[Records from a data collection]

————

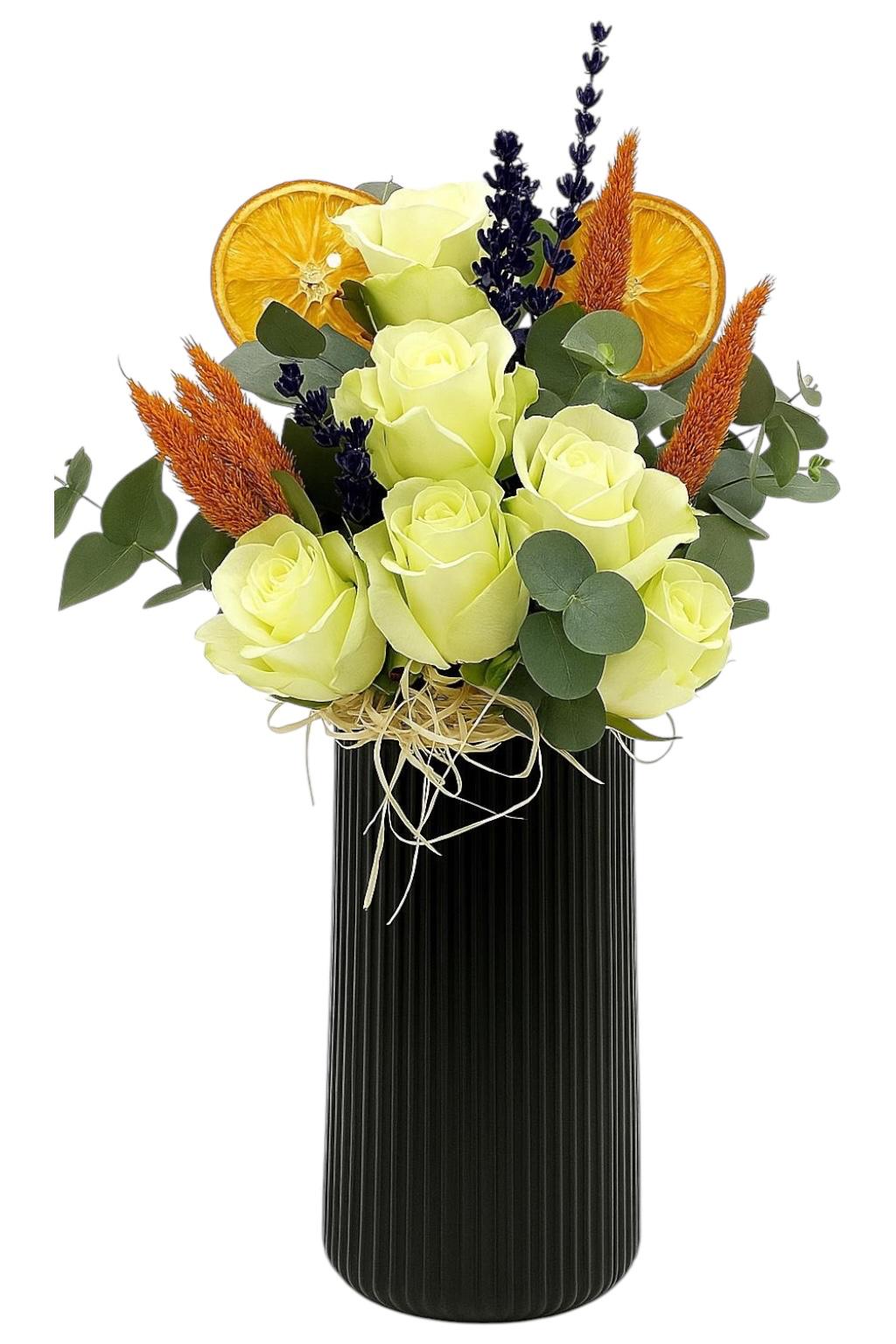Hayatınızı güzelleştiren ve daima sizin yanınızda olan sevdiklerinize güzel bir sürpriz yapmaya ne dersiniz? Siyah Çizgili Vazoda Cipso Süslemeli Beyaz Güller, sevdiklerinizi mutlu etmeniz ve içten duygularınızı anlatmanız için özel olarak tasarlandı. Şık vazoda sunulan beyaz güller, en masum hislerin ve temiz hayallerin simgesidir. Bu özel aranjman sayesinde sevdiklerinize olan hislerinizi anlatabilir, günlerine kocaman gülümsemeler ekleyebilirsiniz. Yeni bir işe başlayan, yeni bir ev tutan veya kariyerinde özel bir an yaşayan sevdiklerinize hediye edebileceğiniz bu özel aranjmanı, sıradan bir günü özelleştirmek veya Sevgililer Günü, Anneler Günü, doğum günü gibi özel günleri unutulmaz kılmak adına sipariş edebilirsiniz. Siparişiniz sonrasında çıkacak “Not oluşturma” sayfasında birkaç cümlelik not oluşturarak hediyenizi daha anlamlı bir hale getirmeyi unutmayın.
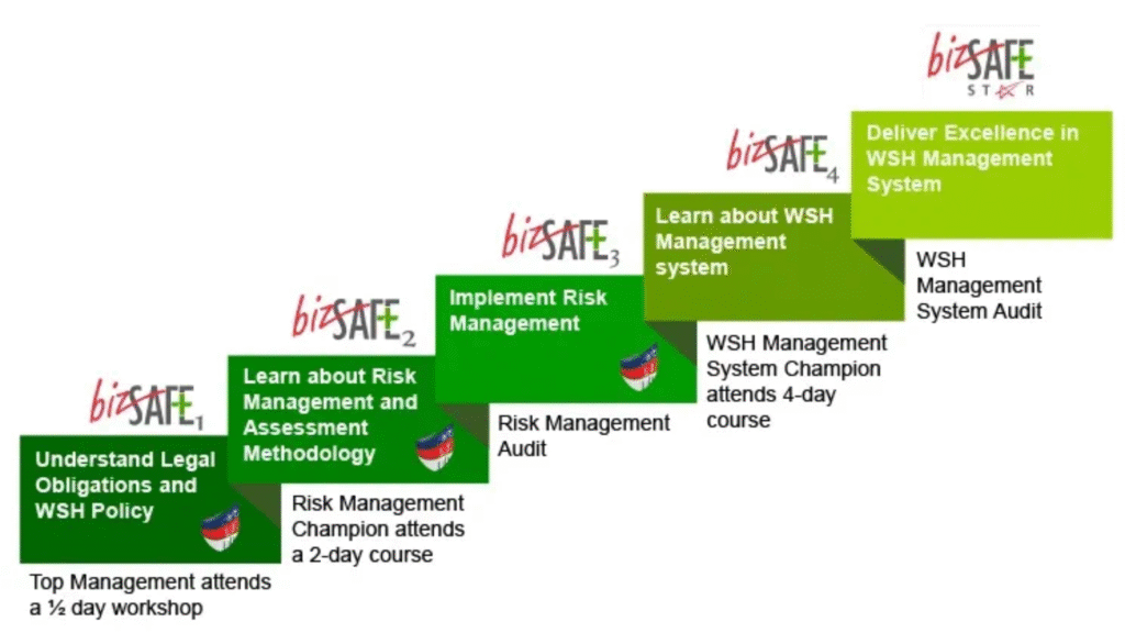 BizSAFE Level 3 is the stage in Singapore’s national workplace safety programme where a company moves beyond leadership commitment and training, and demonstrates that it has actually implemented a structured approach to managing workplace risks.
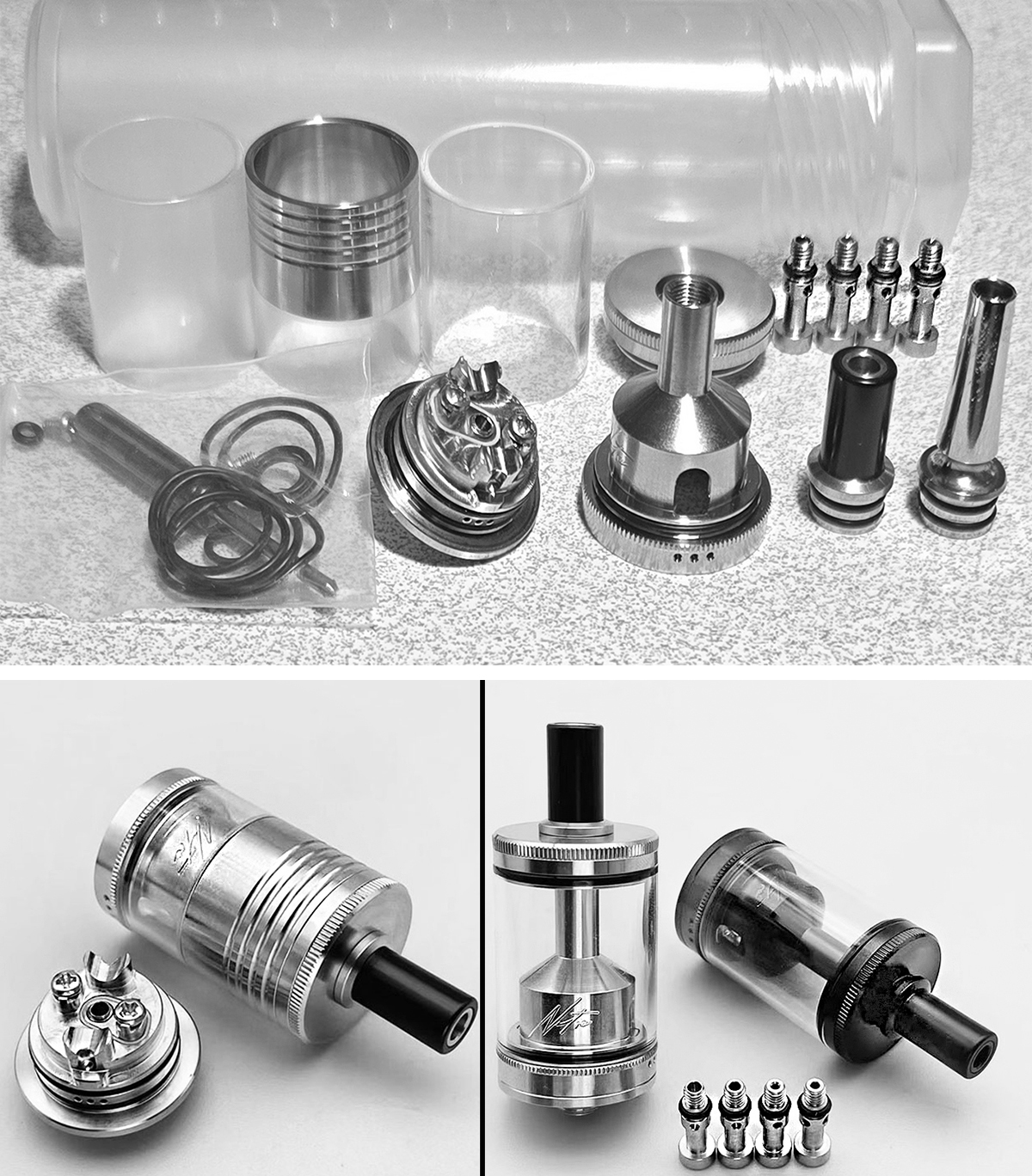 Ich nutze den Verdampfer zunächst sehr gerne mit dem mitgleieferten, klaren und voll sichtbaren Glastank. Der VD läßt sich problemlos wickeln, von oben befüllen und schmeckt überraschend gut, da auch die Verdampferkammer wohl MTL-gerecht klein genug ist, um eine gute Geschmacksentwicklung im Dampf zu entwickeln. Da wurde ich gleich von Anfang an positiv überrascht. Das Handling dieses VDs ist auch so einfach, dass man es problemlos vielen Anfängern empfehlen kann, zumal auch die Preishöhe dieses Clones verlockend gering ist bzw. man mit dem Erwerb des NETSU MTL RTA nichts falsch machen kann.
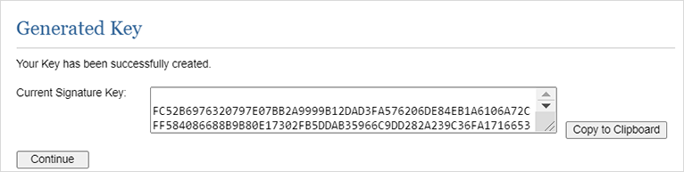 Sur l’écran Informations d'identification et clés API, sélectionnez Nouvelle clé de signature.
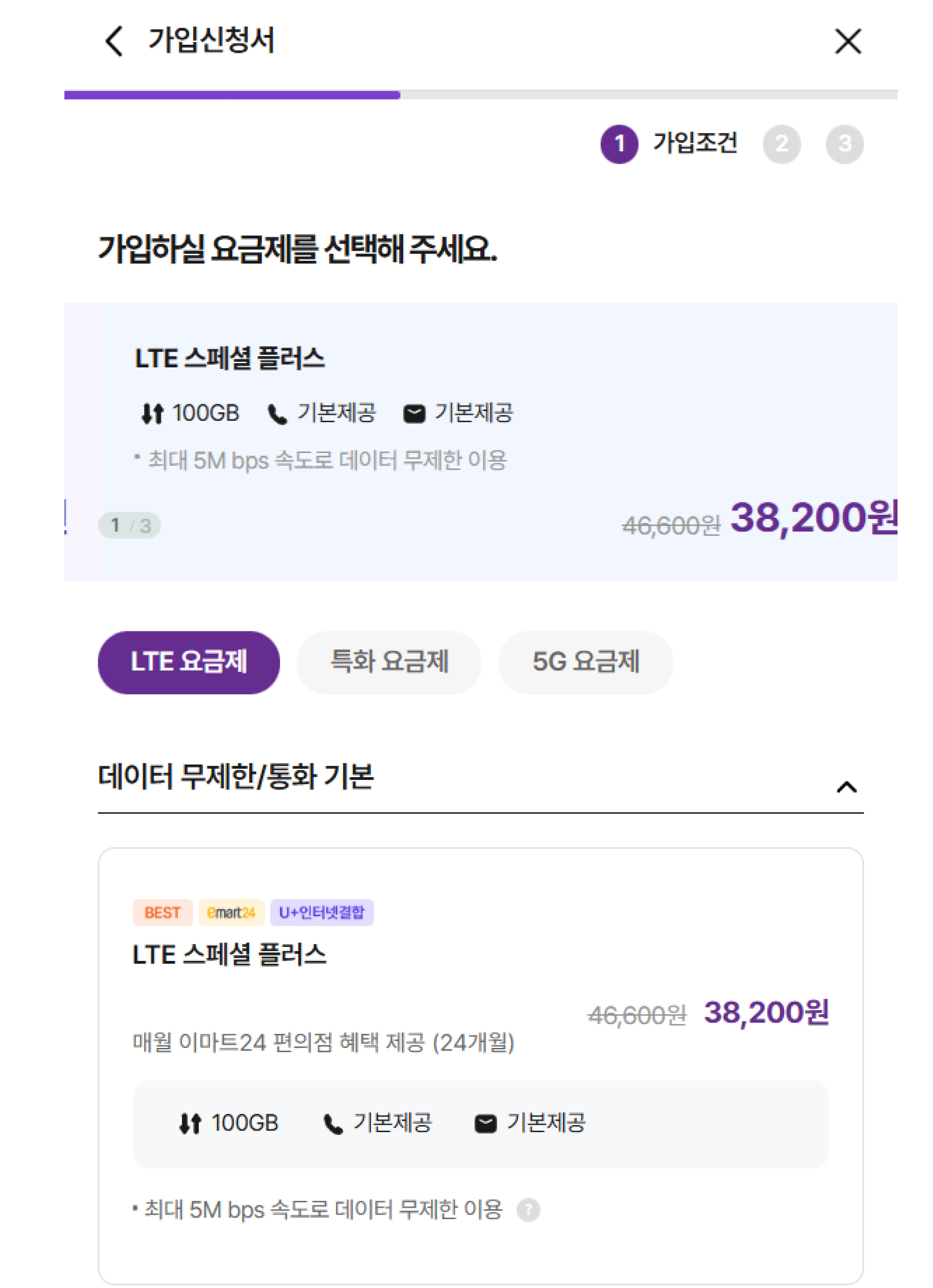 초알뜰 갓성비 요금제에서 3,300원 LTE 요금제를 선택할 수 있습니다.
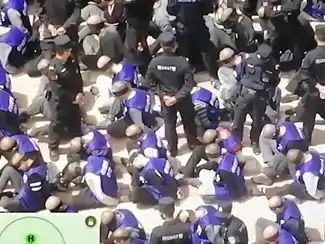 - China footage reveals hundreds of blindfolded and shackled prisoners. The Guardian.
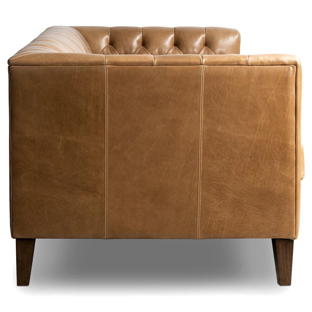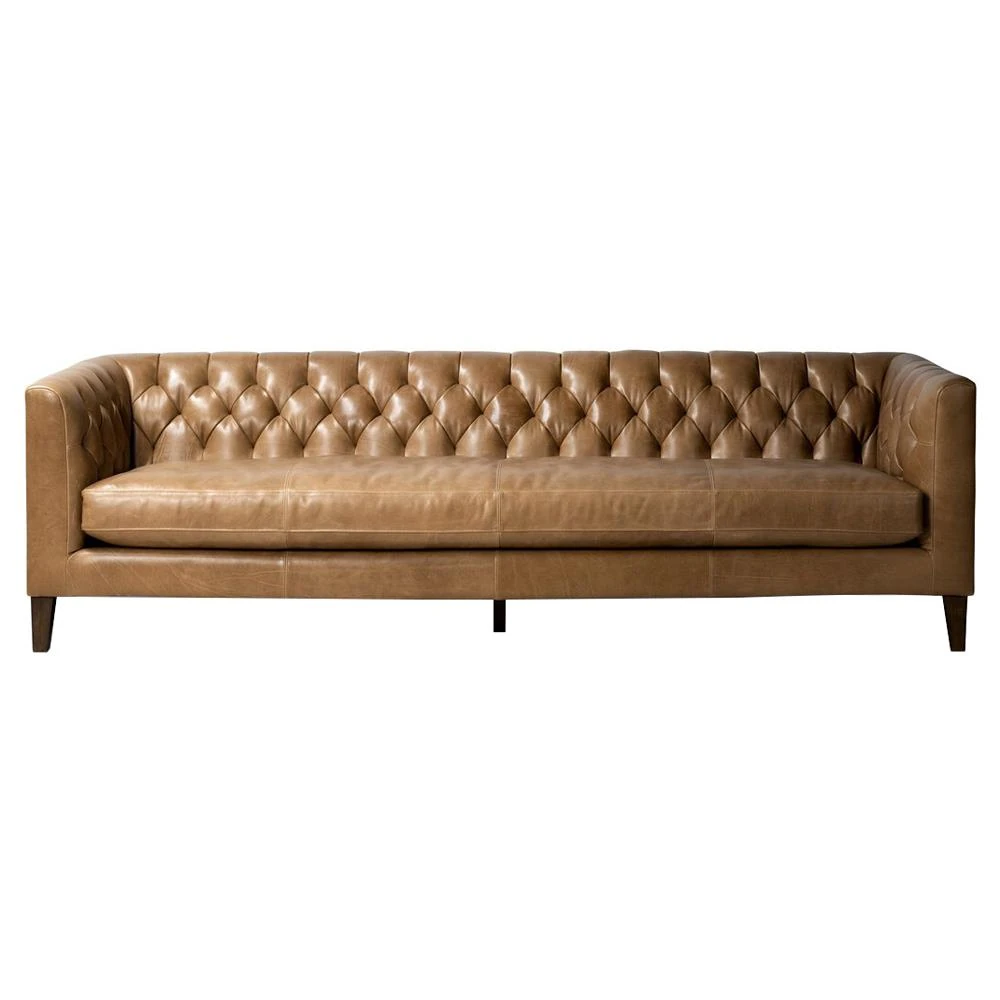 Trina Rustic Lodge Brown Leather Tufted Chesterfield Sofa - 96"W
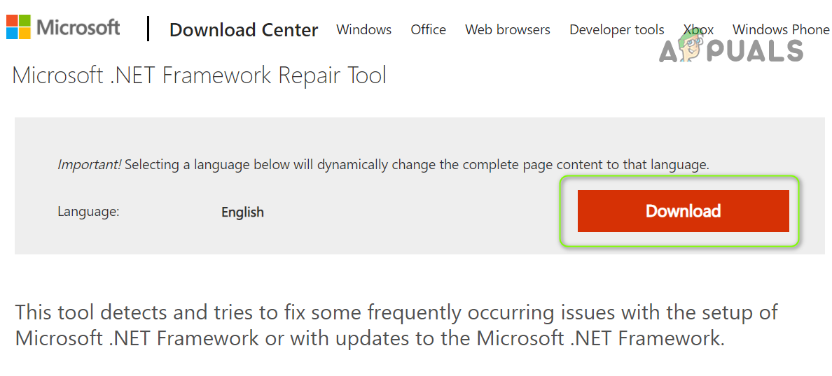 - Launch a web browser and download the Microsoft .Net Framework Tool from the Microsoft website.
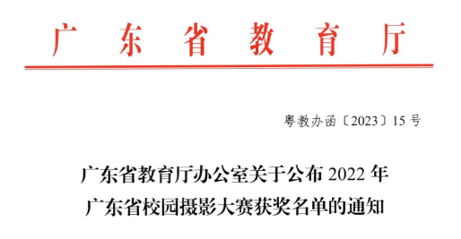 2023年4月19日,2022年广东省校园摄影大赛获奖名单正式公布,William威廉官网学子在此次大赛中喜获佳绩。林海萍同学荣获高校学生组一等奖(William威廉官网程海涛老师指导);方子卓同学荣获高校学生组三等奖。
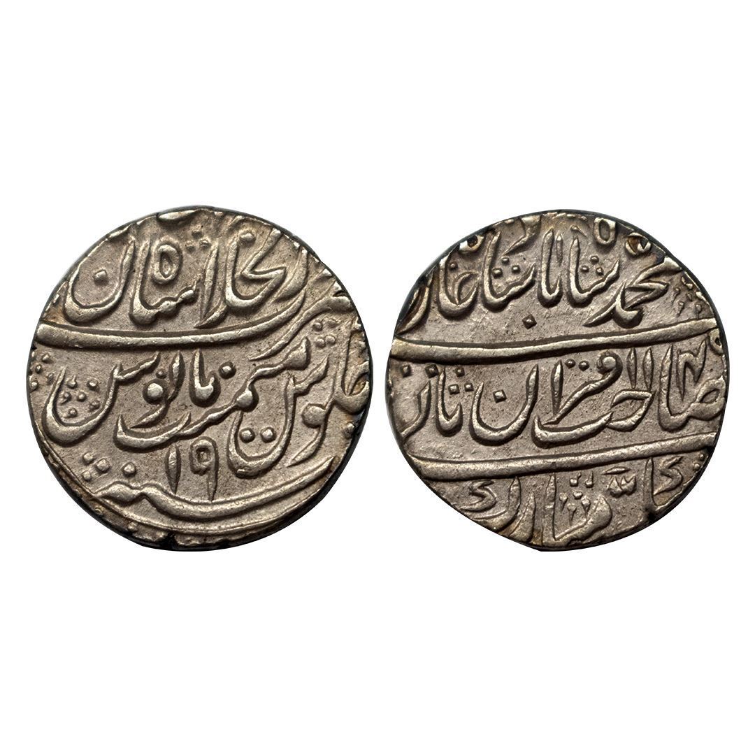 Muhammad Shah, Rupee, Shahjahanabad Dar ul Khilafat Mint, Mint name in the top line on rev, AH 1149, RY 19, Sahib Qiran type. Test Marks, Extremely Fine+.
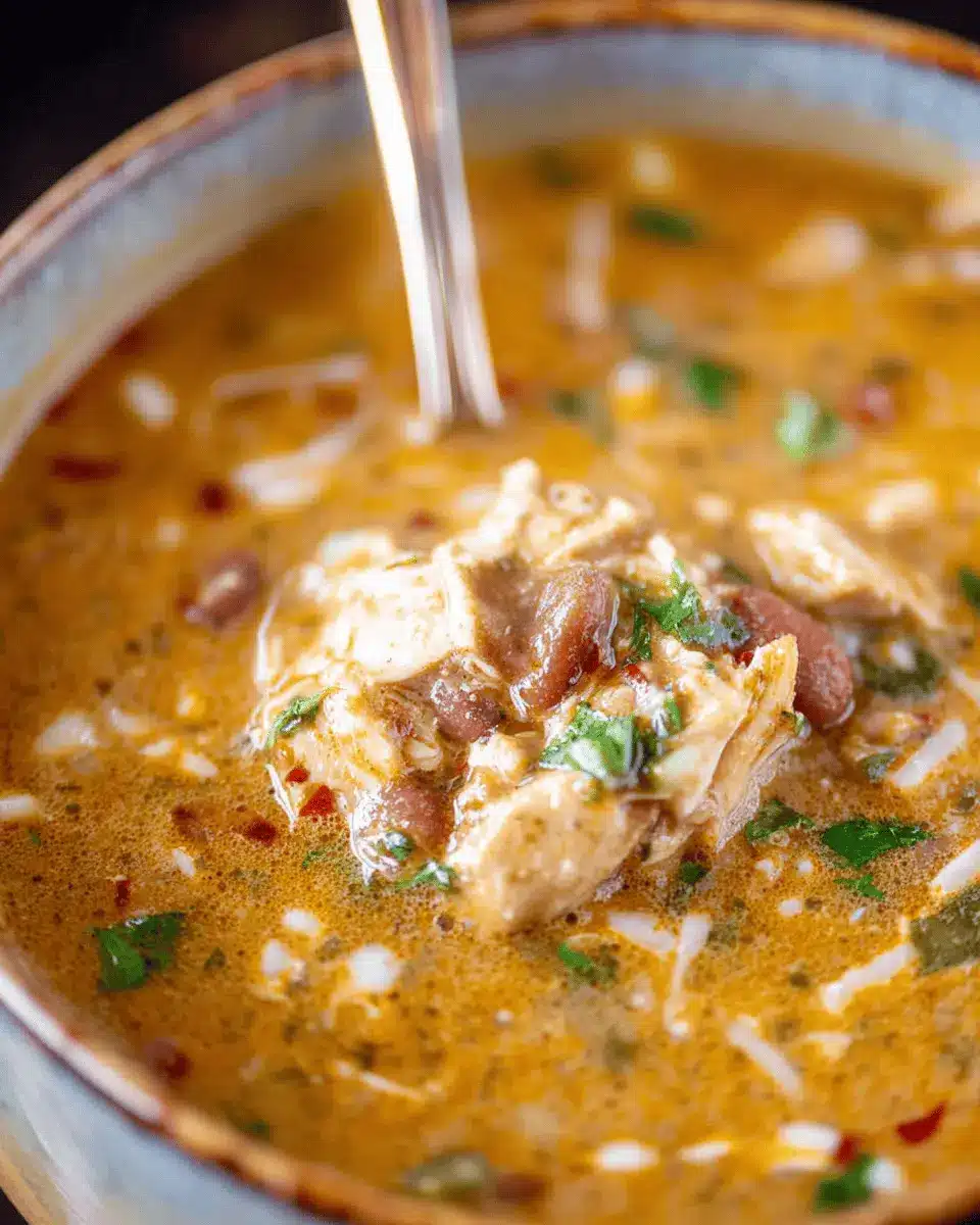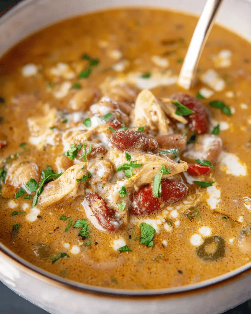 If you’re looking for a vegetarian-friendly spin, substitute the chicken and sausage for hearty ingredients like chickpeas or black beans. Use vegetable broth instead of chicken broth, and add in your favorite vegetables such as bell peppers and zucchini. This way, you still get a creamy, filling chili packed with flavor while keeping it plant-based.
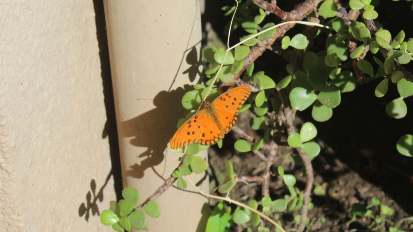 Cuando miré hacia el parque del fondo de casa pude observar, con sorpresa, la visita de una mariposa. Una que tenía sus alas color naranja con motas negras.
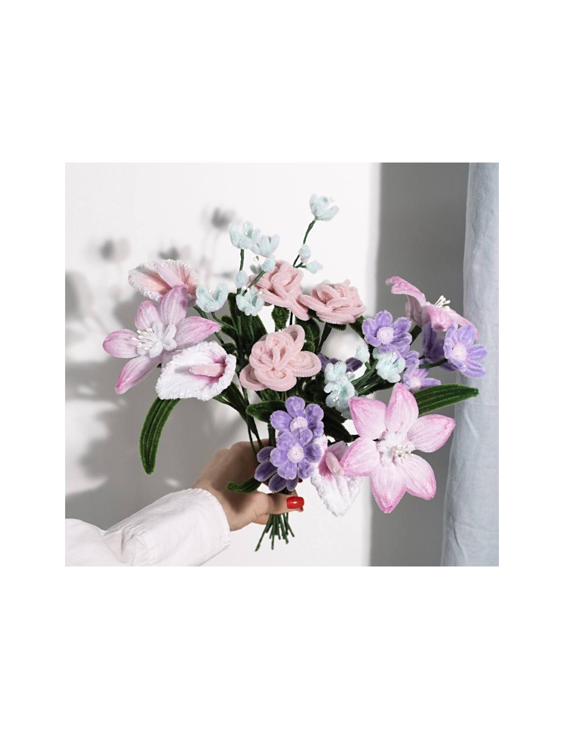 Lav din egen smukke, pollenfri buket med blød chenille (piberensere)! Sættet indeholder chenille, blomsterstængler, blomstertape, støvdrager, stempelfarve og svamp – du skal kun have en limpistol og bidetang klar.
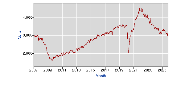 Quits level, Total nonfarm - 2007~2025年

————

* **What to do**: Please print the data above in its entirety, exactly, but without any picture.

* **Result**:
Hayatınızı güzelleştiren ve daima sizin yanınızda olan sevdiklerinize güzel bir sürpriz yapmaya ne dersiniz? Siyah Çizgili Vazoda Cipso Süslemeli Beyaz Güller, sevdiklerinizi mutlu etmeniz ve içten duygularınızı anlatmanız için özel olarak tasarlandı. Şık vazoda sunulan beyaz güller, en masum hislerin ve temiz hayallerin simgesidir. Bu özel aranjman sayesinde sevdiklerinize olan hislerinizi anlatabilir, günlerine kocaman gülümsemeler ekleyebilirsiniz. Yeni bir işe başlayan, yeni bir ev tutan veya kariyerinde özel bir an yaşayan sevdiklerinize hediye edebileceğiniz bu özel aranjmanı, sıradan bir günü özelleştirmek veya Sevgililer Günü, Anneler Günü, doğum günü gibi özel günleri unutulmaz kılmak adına sipariş edebilirsiniz. Siparişiniz sonrasında çıkacak “Not oluşturma” sayfasında birkaç cümlelik not oluşturarak hediyenizi daha anlamlı bir hale getirmeyi unutmayın.
 BizSAFE Level 3 is the stage in Singapore’s national workplace safety programme where a company moves beyond leadership commitment and training, and demonstrates that it has actually implemented a structured approach to managing workplace risks.
 Ich nutze den Verdampfer zunächst sehr gerne mit dem mitgleieferten, klaren und voll sichtbaren Glastank. Der VD läßt sich problemlos wickeln, von oben befüllen und schmeckt überraschend gut, da auch die Verdampferkammer wohl MTL-gerecht klein genug ist, um eine gute Geschmacksentwicklung im Dampf zu entwickeln. Da wurde ich gleich von Anfang an positiv überrascht. Das Handling dieses VDs ist auch so einfach, dass man es problemlos vielen Anfängern empfehlen kann, zumal auch die Preishöhe dieses Clones verlockend gering ist bzw. man mit dem Erwerb des NETSU MTL RTA nichts falsch machen kann.
 Sur l’écran Informations d'identification et clés API, sélectionnez Nouvelle clé de signature.
 초알뜰 갓성비 요금제에서 3,300원 LTE 요금제를 선택할 수 있습니다.
 - China footage reveals hundreds of blindfolded and shackled prisoners. The Guardian.
 Trina Rustic Lodge Brown Leather Tufted Chesterfield Sofa - 96"W
 - Launch a web browser and download the Microsoft .Net Framework Tool from the Microsoft website.
 2023年4月19日,2022年广东省校园摄影大赛获奖名单正式公布,William威廉官网学子在此次大赛中喜获佳绩。林海萍同学荣获高校学生组一等奖(William威廉官网程海涛老师指导);方子卓同学荣获高校学生组三等奖。
 Muhammad Shah, Rupee, Shahjahanabad Dar ul Khilafat Mint, Mint name in the top line on rev, AH 1149, RY 19, Sahib Qiran type. Test Marks, Extremely Fine+.
 If you’re looking for a vegetarian-friendly spin, substitute the chicken and sausage for hearty ingredients like chickpeas or black beans. Use vegetable broth instead of chicken broth, and add in your favorite vegetables such as bell peppers and zucchini. This way, you still get a creamy, filling chili packed with flavor while keeping it plant-based.
 Cuando miré hacia el parque del fondo de casa pude observar, con sorpresa, la visita de una mariposa. Una que tenía sus alas color naranja con motas negras.
 Lav din egen smukke, pollenfri buket med blød chenille (piberensere)! Sættet indeholder chenille, blomsterstængler, blomstertape, støvdrager, stempelfarve og svamp – du skal kun have en limpistol og bidetang klar.
 Quits level, Total nonfarm - 2007~2025年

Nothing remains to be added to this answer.